> **WHAT YOU ARE ASKED TO DO**: For the records below, copy exactly the span that begins at the line containing "2012-13 Team: USCAA Runners Up" and stops after the line containing "On his return", minus any pictures.

··· LISTED RECORDS ···

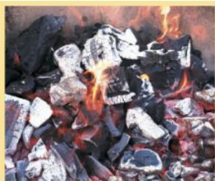
used charcoal to cook
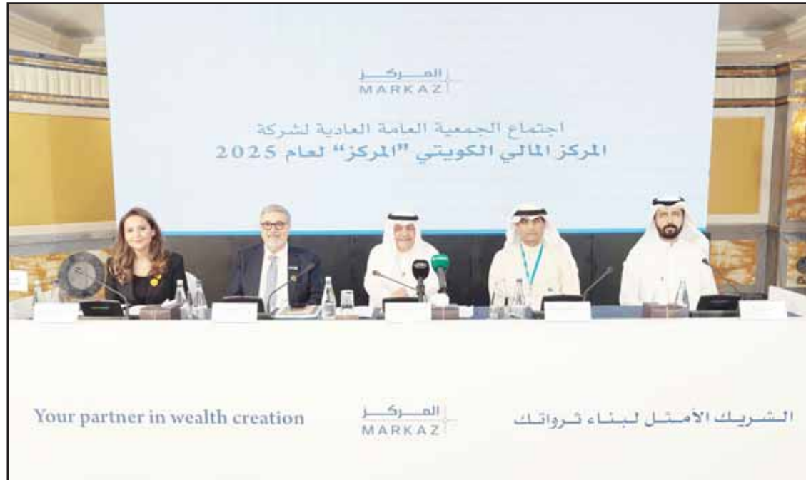
Markaz's Ordinary Annual General Assembly.

The Chairman stated: "Drawing on more than five decades of experience and innovation, Markaz continues to strengthen its core business lines across asset management, investment banking, and real estate as part of its growth strategy. Markaz also continues to broaden its investment product offering, enabling investors to access global opportunities across public and private asset classes. Among these initiatives is the launch of the Private Real Assets Strategy for qualified and professional investors. During 2025, Markaz continued to enhance its digital platforms, improving operational quality, efficiency, and client experience. Furthermore, sustainability principles remain integral to Markaz values and during the year, Markaz further strengthened its corporate social responsibility initiatives, reinforcing its commitment to lasting community impact in Kuwait and beyond."
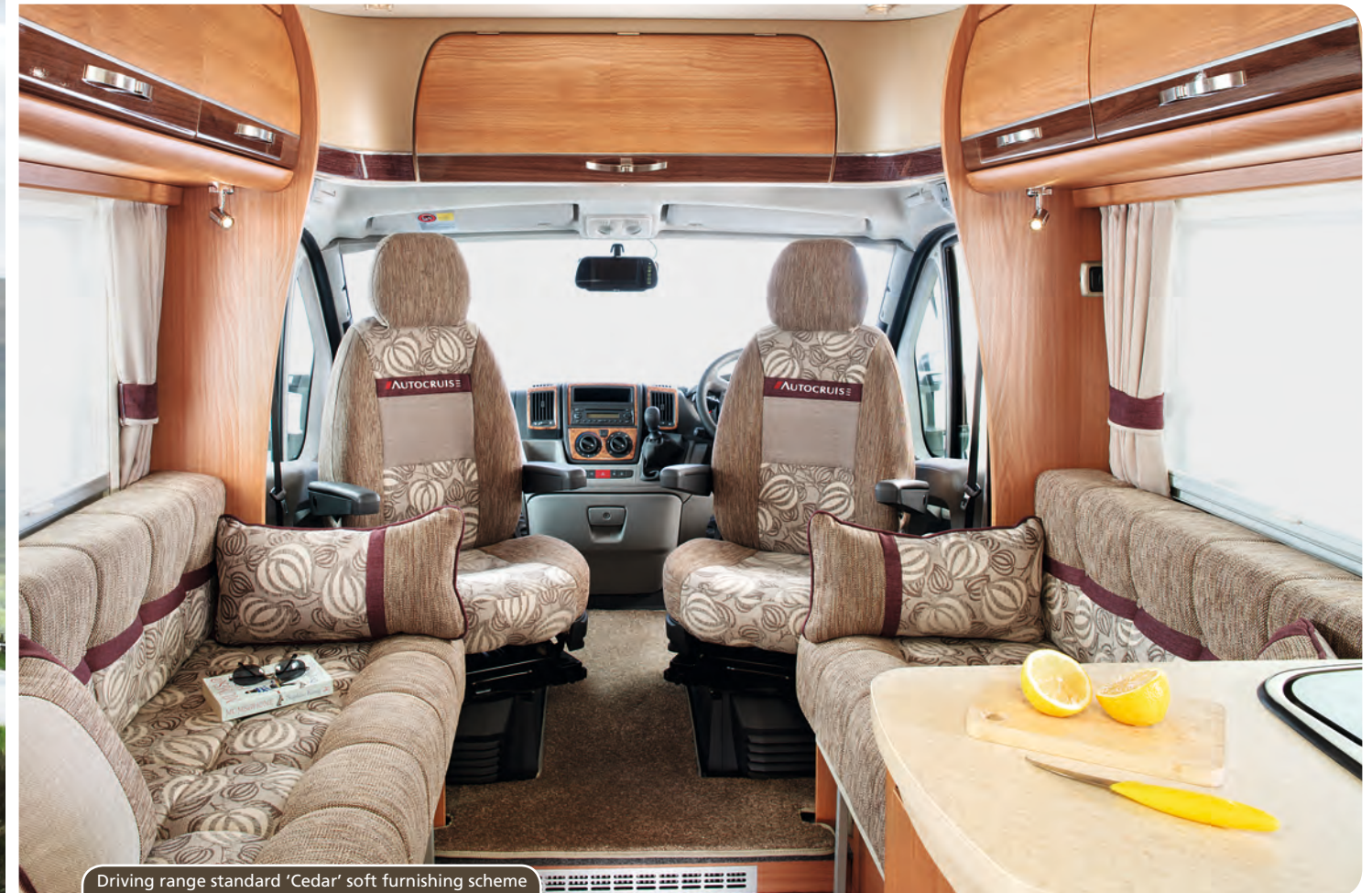
Driving range standard 'Cedar' soft furnishing scheme
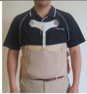
Step 2. Attach the anterior bar to the velcro on the front
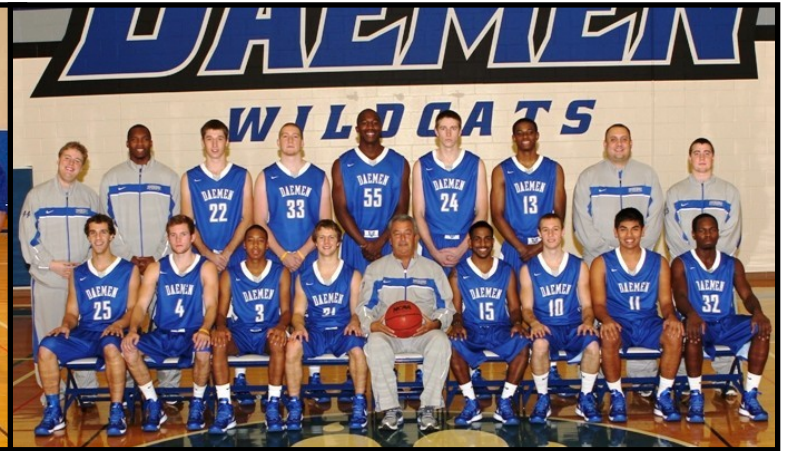
2012-13 Team: USCAA Runners Up
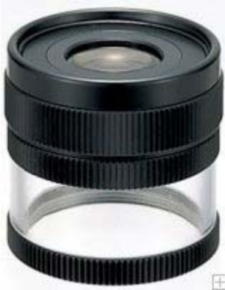
10x Scale Loupe Model M1210
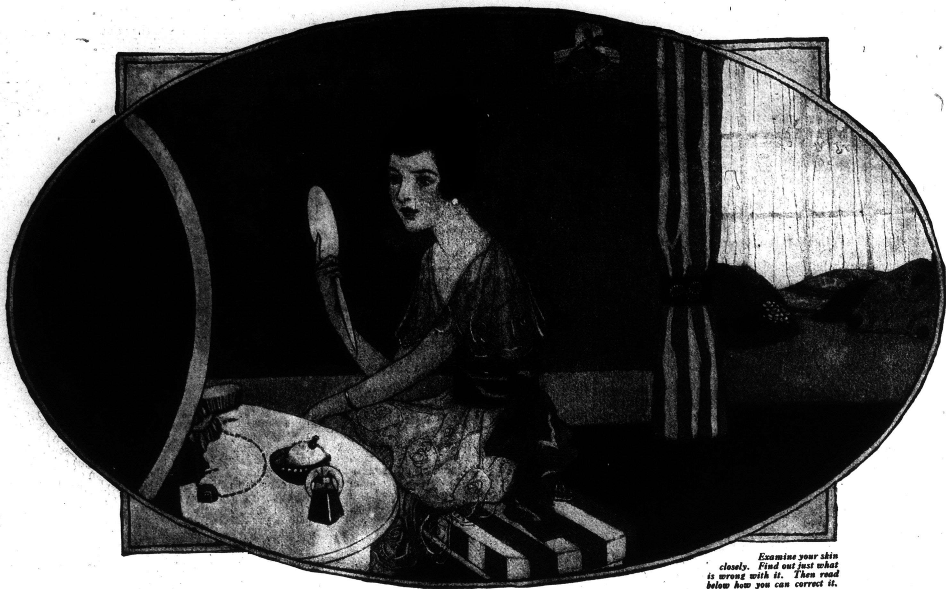
Examine your skin closely. Find out just what is wrong with it. Then read below how you can correct it.
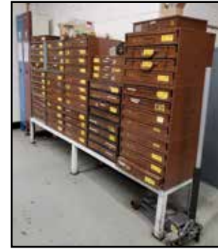
LAWSON Sliding Drawer Cabinets w/Assorted Hardware
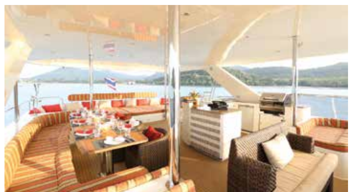
View of Flybridge
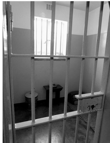
Nelson Mandela's cell at Robben Island, the prison where he spent 18 years of his 27-year incarceration.

On his return later that year, he was arrested and sentenced to five years in prison for inciting workers to strike and leaving the country without a passport. A subsequent trial for sabotage resulted in a sentence of life in prison.
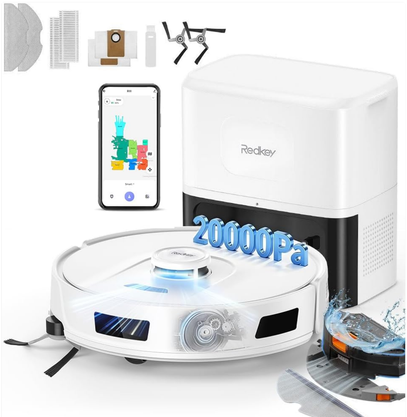
Image 1.1: Redkey R11 Robot Vacuum and Mop with its auto-empty station and included accessories, showcasing its comprehensive cleaning system.
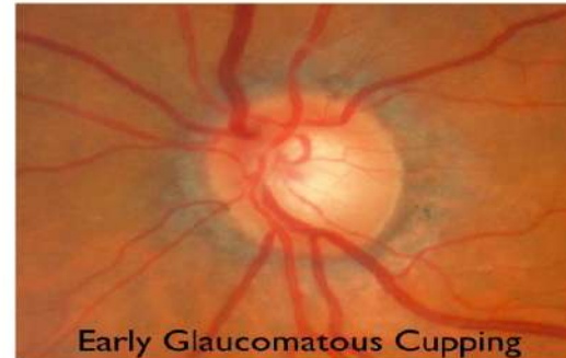
Early Glaucomatous Cupping
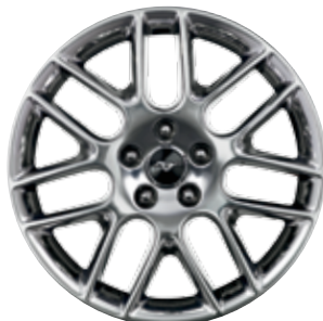
18" Polished Aluminum Optional
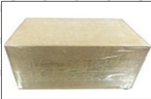
Pic No. 1

Domestic express packaging: Wrapped by Transparent tape
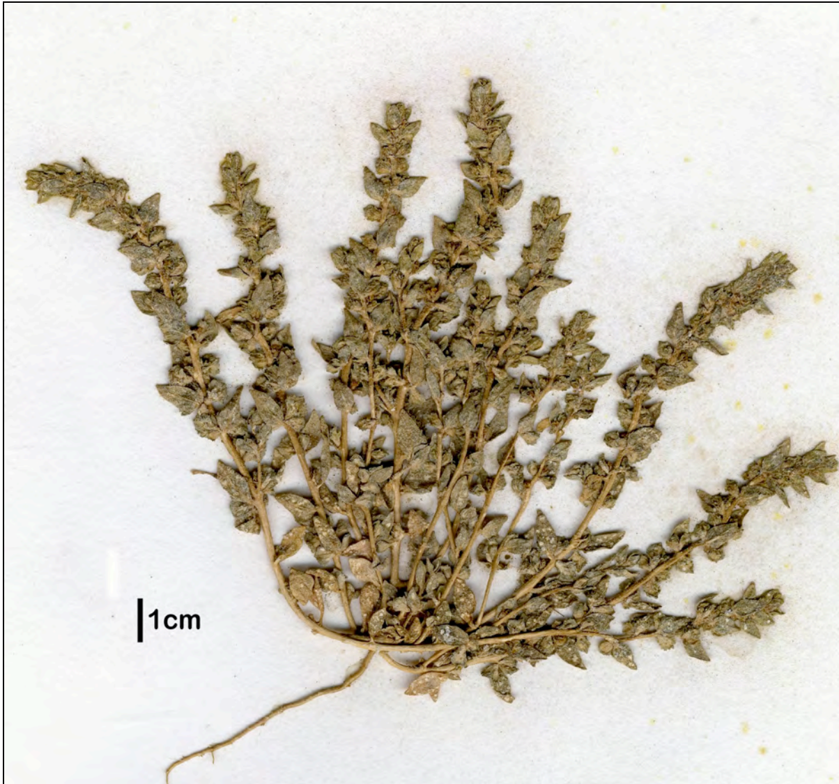
Figure 2. Dried specimen of Atriplex flavida (Taylor 9499, to be distributed). White balance in image was adjusted to neutrality to show the subtle, characteristic yellow color cast.

Comparison with Atriplex coronata . Atriplex flavida and A. coronata (Fig. 1A) are both annuals with small, entire, sessile or proximally short-petioled leaves. Herbage in both is densely scurfy, but the overall color of A. flavida is yellow-green whereas that of A. coronata is gray-green (Fig. 1A) making it easy to distinguish the species where sympatric (except perhaps for very young plants). Staminate and pistillate flowers in both species are mixed in small axillary glomerules. Staminate flowers of A. flavida are 3(4)-merous whereas those of A. coronata are (4)5-merous. Fruiting bracteoles of A. flavida are 2.8–3.8 mm long, 2.6–3.2 mm wide, obovate to obovate-deltoid in profile, broadly cuneate at base, smooth to more or less prominently tuberculate on both surfaces. The middle tooth of the distal margin generally is more prominent than the other teeth (Fig. 3). Fruiting bracteoles of A. coronata vary between varieties but are 2–6 mm long, 3–7 mm wide, broadly cuneate to semicircular in profile, broadly obtuse to truncate at base, with sides smooth or obscurely to prominently tuberculate. The middle tooth of the distal margin generally is not larger than the other teeth. Fruiting bracteoles of var. coronata , with which A. flavida co-occurs, are semicircular, (2)3–5 mm long, 3–7 mm wide, and broadly cuneate to truncate at base. Var. vallicola is characterized by fruiting bracteoles 2–2.5 mm long.
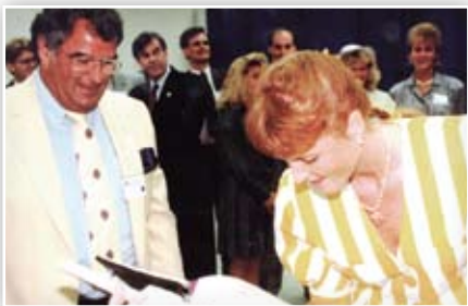
Dutchess of York

···

> **TASK ANSWER**:
2012-13 Team: USCAA Runners Up
10x Scale Loupe Model M1210
Examine your skin closely. Find out just what is wrong with it. Then read below how you can correct it.
LAWSON Sliding Drawer Cabinets w/Assorted Hardware
View of Flybridge
Nelson Mandela's cell at Robben Island, the prison where he spent 18 years of his 27-year incarceration.

On his return later that year, he was arrested and sentenced to five years in prison for inciting workers to strike and leaving the country without a passport. A subsequent trial for sabotage resulted in a sentence of life in prison.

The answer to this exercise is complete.